= Accessory muscle =

Rare anatomic duplication of a muscle

An accessory muscle is a relatively rare anatomical variation where duplication of a muscle may appear anywhere in the muscular system. Treatment is not indicated unless the accessory muscle interferes with normal function.

==Examples==
Examples are the accessory soleus muscle in the calf or ankle, the extensor digitorum brevis manus in the hand and epitrochleoanconeus muscle of the upper arm.

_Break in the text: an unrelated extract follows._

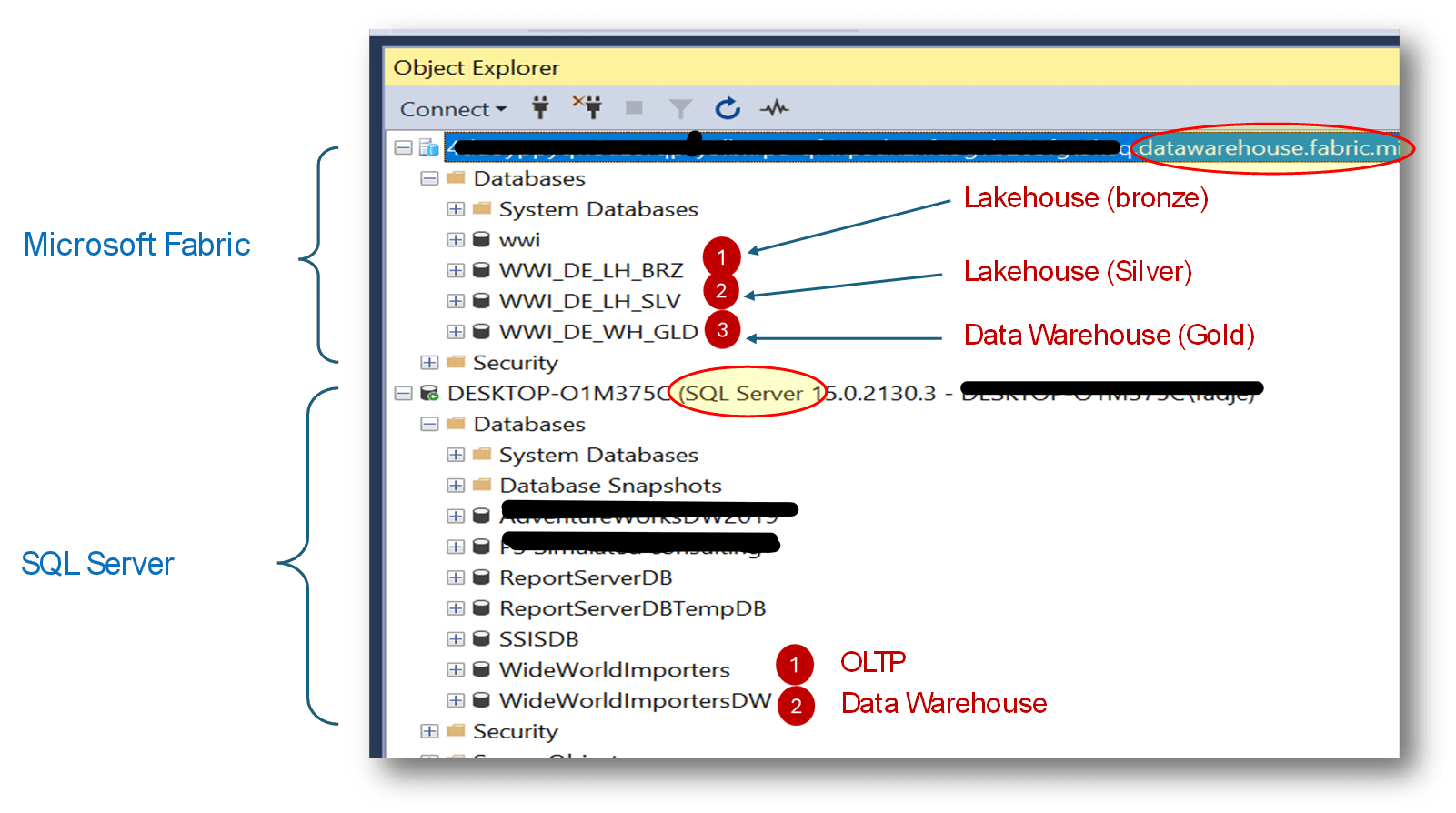 To begin the demystification process, we used SQL Server Management Studio (SSMS) to connect to both the WWI relational data warehouse on SQL Server and the Microsoft Fabric environment, as shown in Figure 1 below.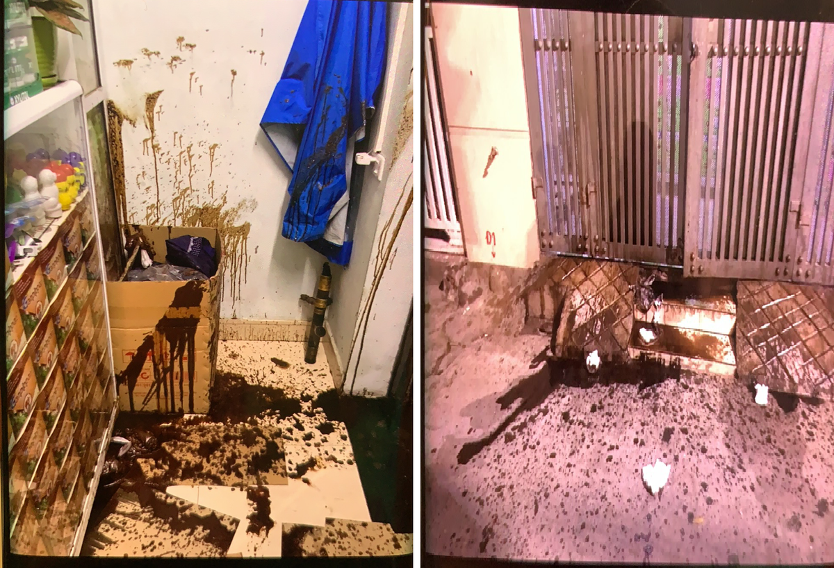 Hình ảnh nhóm côn đồ ném dầu luyn, mắm tôm vào hiệu thuốc của anh Bằng.

Additional examples in the hand include Flexor carpi radialis brevis which can compress the anterior interosseous nerve. Also see palmaris profundus muscle.

On the extensor side:
extensor digitorum brevis manus,
extensor carpi radialis intermedius,
extensor medii proprius muscle

Accessory muscles of the anterior thoracic wall include the sternalis muscle, the axillary arch (Langer's), variations of pectoralis major such as the pectoralis minimus, pectoralis quartus, and pectoralis intermedius, the chondrocoracoideus and chondrofascialis. The whole pectoral region is subject to a high degree of variability. The pectoralis major or pectoralis minor may be absent, or in some cases the pectoralis major may be doubled. Other variants noted in this region are the chondroepitrochleas originating in one or more ribs, or directly from the pectoralis major; the costocoracoideus from the 6th to 8th ribs, and a chondrocoracoideus and another variant of this waiting to be named. Most of these accessory muscles are implicated in neurovascular compression. Of clinical use the newly described chondrocoracoideus has potential for use in reconstructive surgery.

Axillary accessory muscles may be encountered in axillary lymph node removal, the awareness of which could avoid complications.

An accessory muscle can also refer to a muscle that is not primarily responsible for movement but does provide assistance. Examples of such muscles are the accessory muscles of respiration where the sternocleidomastoid and the scalene muscles (anterior, middle and posterior scalene) are typically considered accessory muscles of respiration.